Work instructions ::
No pictures belong in the copy. Retype exactly, and only, the stretch of lines below from the one with "En el video, uno" through the one with "plasteniku još prijatnijim.".

***** Material to process

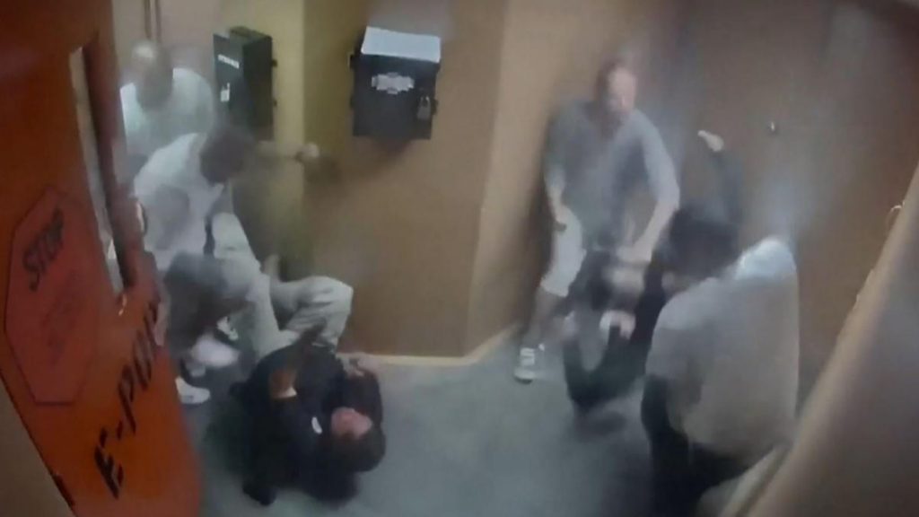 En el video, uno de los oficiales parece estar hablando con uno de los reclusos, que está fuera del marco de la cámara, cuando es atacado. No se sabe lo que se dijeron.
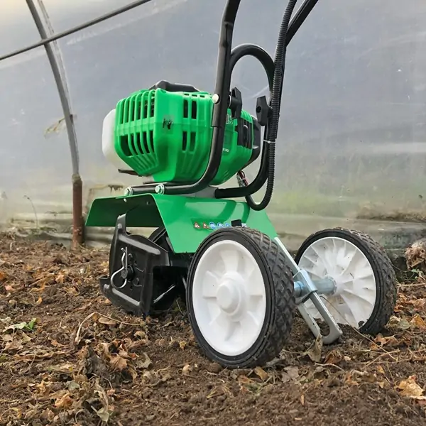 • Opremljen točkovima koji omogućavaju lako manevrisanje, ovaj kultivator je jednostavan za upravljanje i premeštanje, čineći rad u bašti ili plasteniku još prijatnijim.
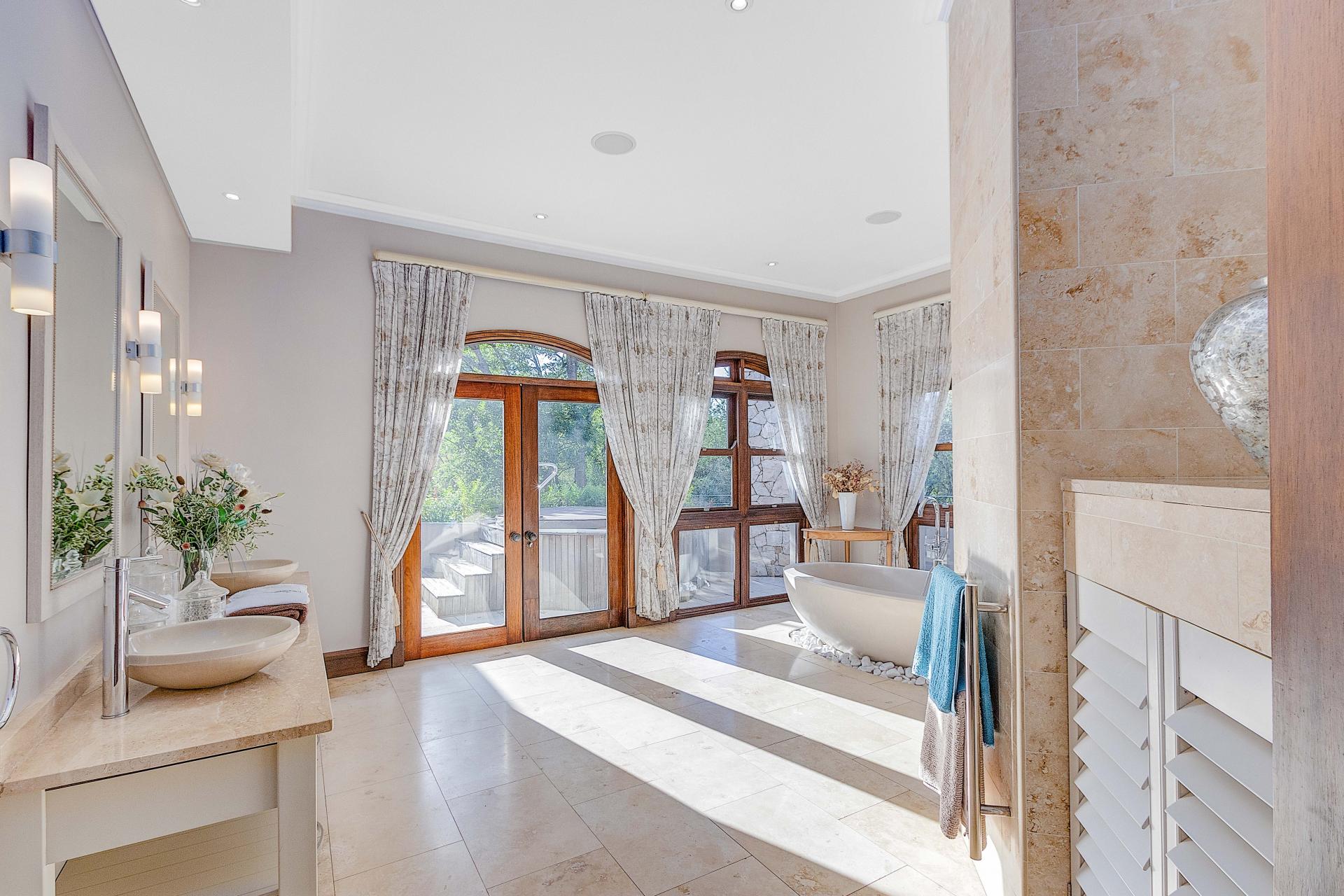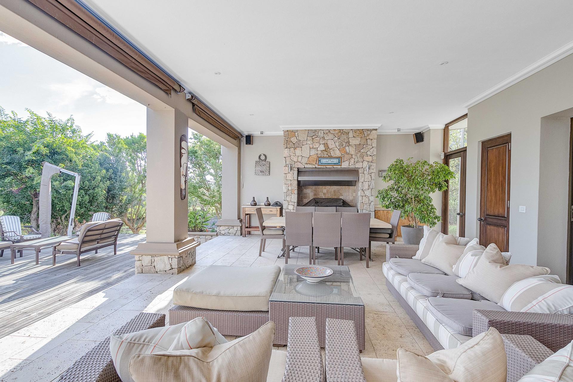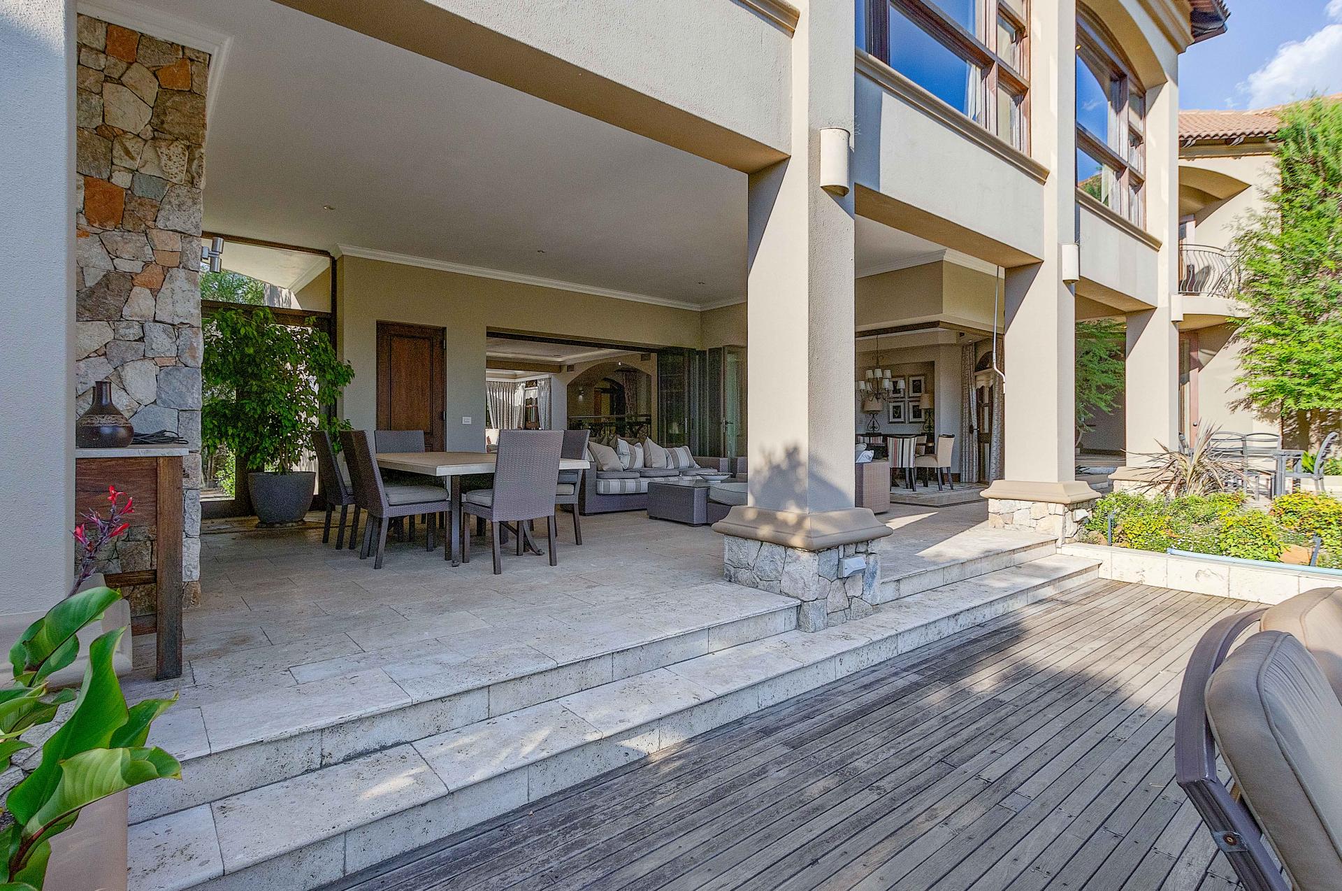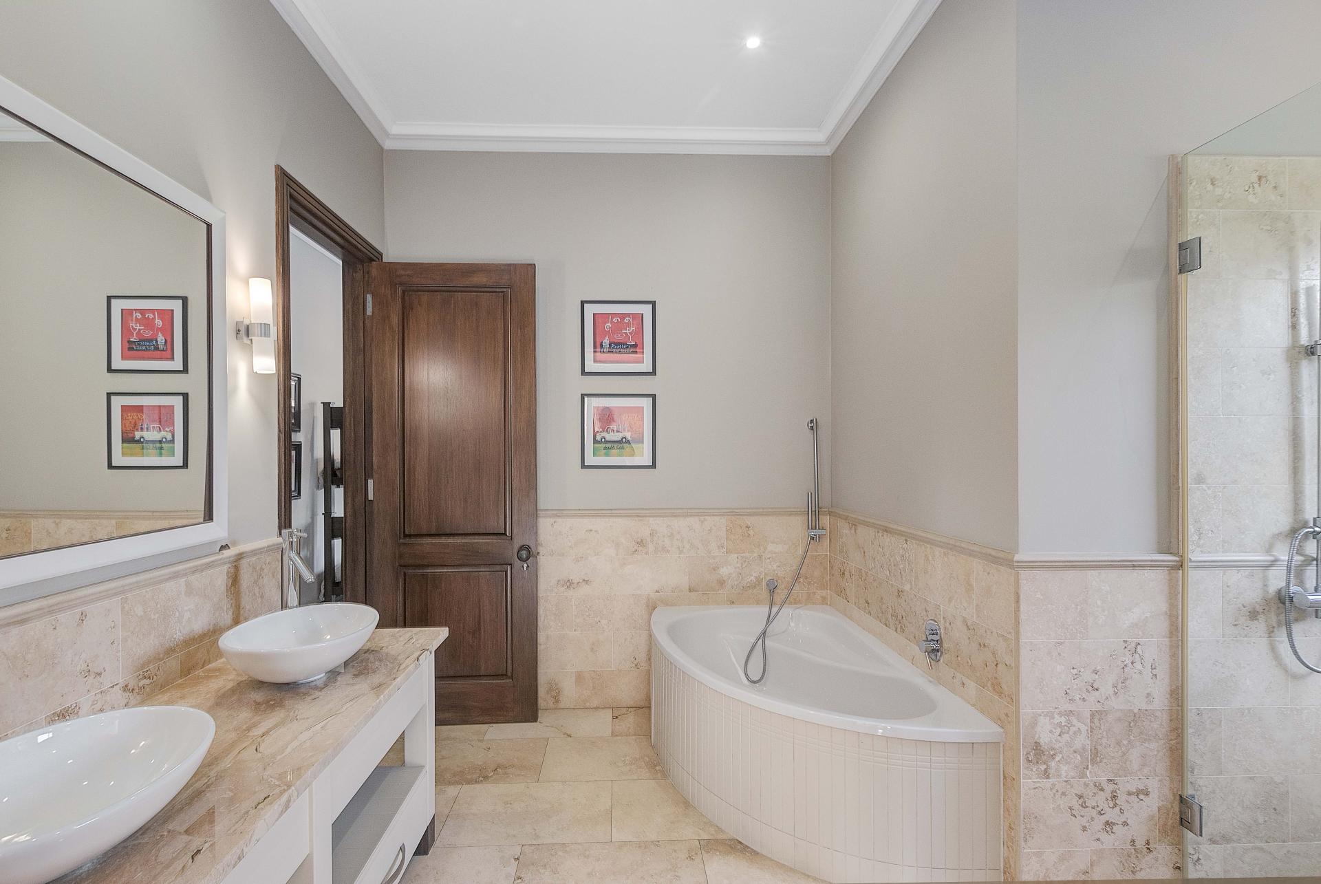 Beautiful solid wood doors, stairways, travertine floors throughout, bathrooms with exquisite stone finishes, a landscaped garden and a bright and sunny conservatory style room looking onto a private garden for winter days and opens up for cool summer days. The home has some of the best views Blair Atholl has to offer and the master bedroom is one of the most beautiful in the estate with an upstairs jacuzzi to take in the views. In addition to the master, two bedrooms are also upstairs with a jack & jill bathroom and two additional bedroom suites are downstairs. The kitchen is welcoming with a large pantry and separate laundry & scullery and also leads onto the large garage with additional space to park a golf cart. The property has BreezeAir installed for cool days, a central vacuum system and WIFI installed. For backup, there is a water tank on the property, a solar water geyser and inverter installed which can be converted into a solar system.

**********
***** Material to process

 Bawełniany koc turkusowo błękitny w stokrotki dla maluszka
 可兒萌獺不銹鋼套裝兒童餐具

**********
***** Material to process

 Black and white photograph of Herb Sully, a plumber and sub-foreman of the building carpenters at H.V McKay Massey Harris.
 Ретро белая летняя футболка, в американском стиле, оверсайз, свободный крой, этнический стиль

**********

Response area ::
 En el video, uno de los oficiales parece estar hablando con uno de los reclusos, que está fuera del marco de la cámara, cuando es atacado. No se sabe lo que se dijeron.
 • Opremljen točkovima koji omogućavaju lako manevrisanje, ovaj kultivator je jednostavan za upravljanje i premeštanje, čineći rad u bašti ili plasteniku još prijatnijim.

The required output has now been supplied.